What this taught me, in a very concrete way: the extraction pipeline needed to be decoupled from the order acceptance path. A slow pharmacy integration should not prevent a patient’s prescription from being received and acknowledged. The acknowledgment and the fulfillment are different concerns and they should fail independently. We made this change under load, which is not ideal, but it is a real engineering memory.

The range across healthcare domains

I have shipped healthcare software at two very different scales: large enterprise EHR and clinical workflow systems (hospital-scale, hundreds of thousands of patient records, complex clinical decision support), and consumer-facing healthcare apps (prescription ordering, patient notifications, pharmacy routing). They share regulatory requirements — patient data handling, prescription validity, audit trails — but almost nothing else.
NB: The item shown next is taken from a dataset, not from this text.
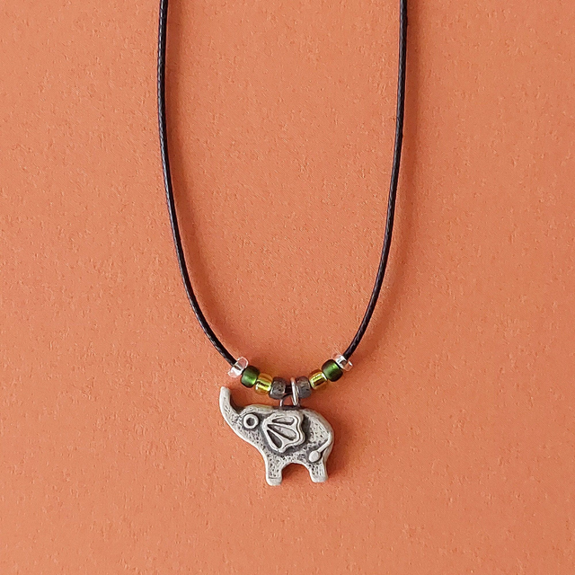 Elephant necklace - handmade - clay elephant charm - elephant pendant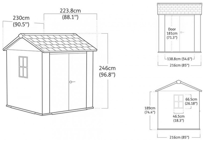 Πλαστική Αποθήκη Κήπου 230x224x246cm Keter Newton Plus Wide 7x7.5 Κωδ. 17212878 Γκρι

The consumer-facing side has faster iteration cycles, less formal integration partner relationships, and more pressure to handle the long tail of edge cases in the data (the weird prescription format, the pharmacy that doesn’t respond on weekends). The enterprise side has more structured integration, formal HL7 and FHIR contracts, and slower change cycles. Both are hard. The range is useful.

I’ve been building Fulcrum — a local-first agent control plane — partly because the coordination patterns I learned in distributed healthcare backends apply directly to agent orchestration. Reliable delivery, dead-letter handling, schema-versioned event contracts: the problems are the same, the domain is different.